Mineral water, by contrast, is defined partly by what you’re not allowed to do to it. Because the regulations require a stable, naturally occurring mineral composition, heavy processing would disqualify it. The water’s character has to come from its underground source, not from a treatment plant.

This distinction matters because it highlights a real irony in the bottled water industry. In some markets, a significant portion of bottled water sold as “mineral water” is actually municipal tap water that has been reprocessed to meet safety standards. A comparative analysis published in Open Science Publications noted that much of the bottled mineral water sold in India, for example, is filtered, boiled, or purified through chlorination and reverse osmosis. That’s not true mineral water by regulatory definition, even if the label suggests otherwise.

Mineral Content in Tap Water vs. Mineral Water

Tap water does contain minerals, but the amount varies enormously depending on where you live. Some municipal supplies draw from mineral-rich groundwater and may have TDS levels approaching 300 or 400 ppm. Others, especially those relying on surface water from reservoirs, can have TDS well below 100 ppm. The Canadian guideline for TDS in drinking water is less than 500 ppm, and many U.S. systems fall in a similar range.

Commercial mineral waters, on the other hand, start at 250 ppm TDS by definition and often run much higher.
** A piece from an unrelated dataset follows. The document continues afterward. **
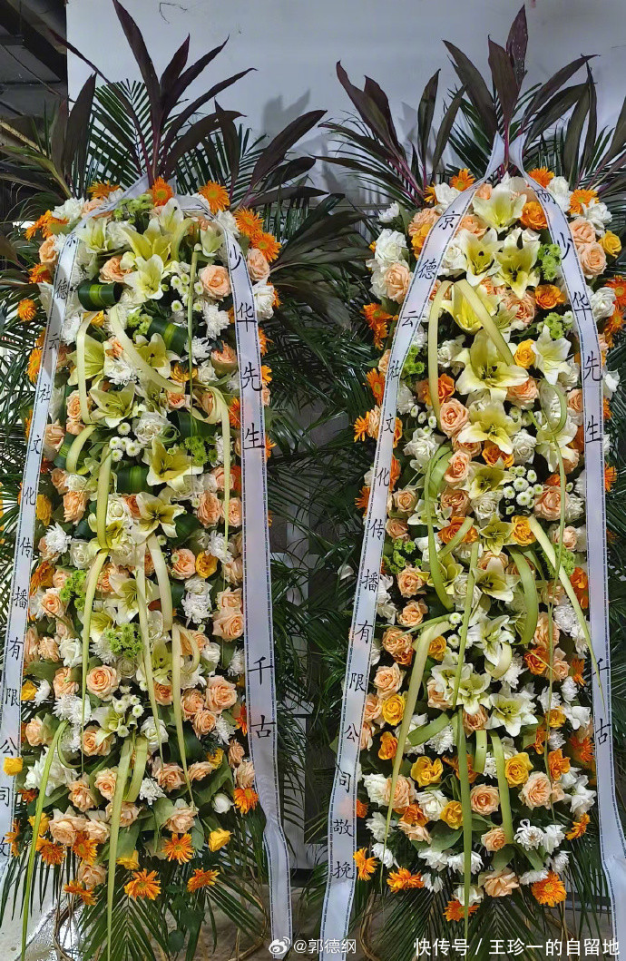 在灵堂内外则摆满了各界人士送来的花圈,可以看到郭德纲以德云社的名义送来了花圈,还可以看到赵本山、曹云金、苗阜等人都送来了花圈。

Some European brands contain over 1,000 ppm, with significant concentrations of calcium, magnesium, bicarbonate, and silica. The specific mineral profile depends on the geology of the source. Water that flows through limestone picks up calcium and bicarbonate. Water from volcanic rock tends to be higher in silica and sodium.

The U.S. EPA sets secondary drinking water standards for certain minerals in tap water, though these are guidelines rather than enforceable limits. Fluoride, for instance, has a secondary standard of 2.0 mg/L, while sulfate is capped at 250 mg/L. These standards exist primarily for taste and appearance, not health. If your tap water tastes slightly metallic or leaves white deposits on fixtures, elevated mineral content is usually the reason.

Does It Matter for Your Health?

The minerals in water contribute to your daily intake of calcium, magnesium, and other nutrients, but the amounts are modest compared to what you get from food. Drinking a liter of high-calcium mineral water might deliver 300 to 400 mg of calcium, which is roughly a third of the daily recommended amount. Tap water’s contribution is smaller and less predictable since the mineral content isn’t standardized.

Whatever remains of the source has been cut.